When we leave school, our paths diverge. We fly apart like agitated atoms released from a magnetic field (ooh, nerdy analogy, that). But it's true, isn't it? Where before we were held together - just barely - by the institution, now there are large gaps between former friends. A doctor cannot so easily mix with a mechanic; or perhaps a hardworking mechanic cannot so easily mix with a drunk doctor (you never know!) and this is how we grow up. Nothing to it, I suppose.

I know that I'm probably talking about obvious, dumb things, but it's never really struck me till I got back late last year. The variances between me and my friends are starting to be large enough for me to notice, every single holiday I have, I go back and something has changed. And it's scary. Inevitable, but still frightening in its own way.

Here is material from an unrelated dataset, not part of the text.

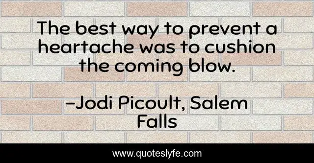 This page presents the quote "The best way to prevent a heartache was to cushion the coming blow.". Author of this quote is Jodi Picoult, Salem Falls. This quote is about heartache, love, affection,.

When I was in San Francisco I met up with and talked to Bob Stein, the founder of the Institute for the Future of The Book. We both gave talks on very similar things - the need for a usable, open system for publishing; the huge importance of having such a system before the current models of traditional publishing collapsed. He was arguing for it; I was among those building it. The difference was that he was 63 years old, and I but 20.

My grandfather is only a couple of years older than Bob Stein. I don't think he knows of the things I currently do. Truth be told, I never considered the idea that there were people of his generation who were living on the bleeding edge. And yet there we were - two people from two completely different generations, talking and thinking about the same things. I was struck by how different contemporaries can be - notwithstanding that they come from different places, and were involved in different things. And I thought: this is probably how it's going to be like for my friends and I, and even more so for the people I meet in uni, when we are 60 years old and retired and looking back on life.

The variance is here, and it is large, and it is growing wider still.